Fulham Finances: Summing up
Concluding b+w geezer’s Fulham Finances series:
Fulham’s finances – thoughts arising
My reports on Fulham’s accounts have tried to keep my own views out of it, partly because I was forming them as I went along. This last bit is different — a personal summing up.
Two familiar theories about Fulham’s finances are polar opposites. The first, a regular theme of Private Eye magazine, is that the Club is a bottomless pit into which Mr Al Fayed pours money he will never see again — a huge extravagance. The Eye has never cared for our Chairman and jeers at him annually for spending so much on Fulham, quoting gleefully from the Accounts.
The opposite theory implies that the likes of Private Eye are naive — an unusual accusation to make of that organ — and that FFC will eventually be a good business investment. It is hinted sagely that `creative accounting’ hides the true picture, and with all that Sky money, the Chairman must be onto a winner really. No evidence is ever given to support this guesswork for the following reason.

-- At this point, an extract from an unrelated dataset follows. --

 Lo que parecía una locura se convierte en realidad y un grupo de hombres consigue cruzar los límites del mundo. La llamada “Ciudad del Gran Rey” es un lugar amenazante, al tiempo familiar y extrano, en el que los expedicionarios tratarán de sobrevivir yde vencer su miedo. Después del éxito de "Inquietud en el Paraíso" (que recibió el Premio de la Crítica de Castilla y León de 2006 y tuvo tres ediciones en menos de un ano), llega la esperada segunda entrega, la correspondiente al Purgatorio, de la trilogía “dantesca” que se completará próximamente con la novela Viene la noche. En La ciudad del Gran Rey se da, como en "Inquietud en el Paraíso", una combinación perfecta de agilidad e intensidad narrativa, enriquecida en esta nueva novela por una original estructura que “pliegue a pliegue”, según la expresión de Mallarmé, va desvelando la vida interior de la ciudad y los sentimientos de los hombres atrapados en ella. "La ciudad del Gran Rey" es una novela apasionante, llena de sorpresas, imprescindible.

In the case of a premiership football club (any club) its chief cost and its main sources of income would be impossible to cloud in accounting mystery even if anyone wanted to. I refer to players’ wages, matchday attendances and, above all, income from broadcasting. Common knowledge among all clubs, and analysed annually by Deloitte, these three realities underpin why the Premiership hasn’t paid off yet for Fulham. No amount of `creativity’ could make the bottom line positive as things stand.
Accepting that Private Eye is cruel but true about the past, may the opposite view be a pointer to the future?

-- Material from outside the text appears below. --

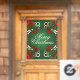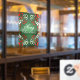 Elégant design personnalisé de cling de fenêtre de Noël avec un cadre baroque élégant avec effet découpé en papier sur un arrière - plan dégradé vert. Le texte est entièrement personnalisable.

In Blackburn’s latest accounts, its Chairman writes:
“The new television deal kicks in from July 2007 and it potentially transforms our business. Turnover of £40m+ could increase to £50m+. This would enable us to better service our debt and invest in the team. It will depend, however, on our ability to maintain wages around the current level, in which case the percentage will fall from the somewhat unhealthy 75-80% to a more sensible 65%. Of course, this will depend in turn, on what the other nineteen clubs do.”
For Blackburn read Fulham and about half a dozen other clubs. Wages are the key — transfer fees too, but at least you can receive those as well as pay them out, where wages are pure irrecoverable cost. The extra £10 million will not prove significant on its own if wages immediately consume 75-80% of it.
So where does hope lie to improve Fulham’s finances? No single thing that’s realistic, in my opinion, but a combination of the following:
- increased demand, leading to the ability to fill the ground without heavy discounts;
- this followed by an increase in capacity to 28,000-ish and selling that out at full prices too.
- finishing much higher in the league, like Blackburn last season.
Add the residue of the new Sky money and add also an improvement in commercial income to match (again) Blackburn’s level, and the mix of all of these things would make our annual income reach £60 million-plus instead of £40m.
Keep in this division and keep plugging away and all of that may happen.
My series ends here. It is archived at http://cravencottagenewsround.wordpress.com/tag/fulham-finances/
Some very nice comments were made about my series of articles when this final episode was published on Tfi. It would be a bit naff to paste them into here, but I was grateful for them all the same. A number of people suggested that it must have taken a lot of work. Not really — once the task was broken into manageable chunks, a couple of hours a week sufficed, mainly. It would take even less effort to update in 12 months’ time, so if I don’t do that, I hope someone else will.